Kojiki (Record of Ancient Matters) and Nihongi (Chronicles of Japan)
 These are regarded in a sense as sacred books of Shinto.
• They were written in 712 and 720 C.E., respectively.
• These two sacred books are not only compilations of ancient traditions of ancient Shinto but they are
also books about the history, topography and literature of ancient Japan.
• By interpreting the myths and religious practices these books describe, it is possible to construct
Shinto doctrines from them.
VI. The Importance of Worshipping gods or Kamis
• At the core of Shinto are beliefs in the mysterious creating and harmonizing power (musubi) of Kami
and the truthful way or will (mokoto) of Kami.
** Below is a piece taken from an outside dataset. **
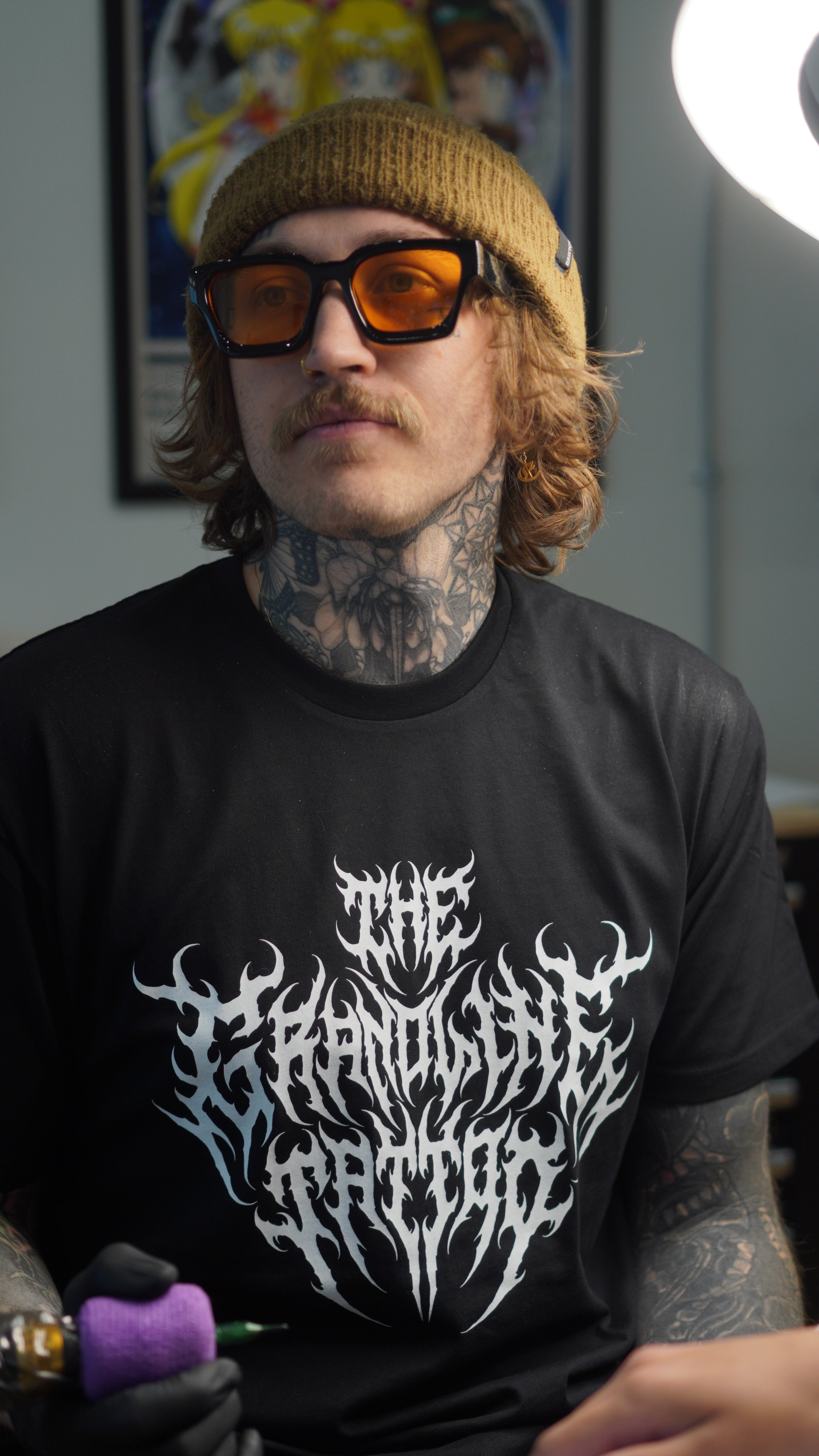 THIS IS A PRE-ORDER ITEM AND WILL SHIP LATE JUNE-EARLY JULY Welcome our new shop shirt with our name in a deathcore-style typeface. Locally made in Indianapolis with 100% cotton, this relaxed-fit unisex shirt is designed for the studio, the street, and the show.

• The nature of kami cannot be fully explained in words, because kami transcends the cognitive faculty
of man.
• Devoted followers are able to understand Kami through faith and usually recognize various Kamis in
polytheistic forms.
• Parishioners of a Shrine belive in the tutelary Kami as the source of human life and existence.
• Each Kami has a divine personality and responds to truthful prayers.
• The Kami also reveals mokoto to people and guides them to live in accordance with it.
• Mokoto is not an abstract ideology. It can be recognized every moment in every individual thing in
the encounter between man and kami.
VII. The Core Teaching of Shintoism
“Worship the ancestors and forces of nature to achieve harmony in all dimensions.”
 In Shinto, all the deities are said to cooperate with one another.
• A life lived in accordance with a Kami’s will is believed to produce a mystical power that gains the
protection, cooperation, and approval of all the particular Kamis.
• Shinto is also described as a religion of “tsunagari” (continuity or communion).
• The Japanese, while recognizing each man as an individual or personality he/she does not take him
as a solitary being separated from others.
• On the contrary, he is regarded as the bearer of long continuous history that comes down from his
ancestors and continues in his descendants.
• It is imperative to Shinto believers to worship their ancestors to perpetuate their relationships with
them, and pay respect to the forces of nature as perceived manifestations of the mystical powers of
the different Kamis in order to achieve harmony in all life dimensions.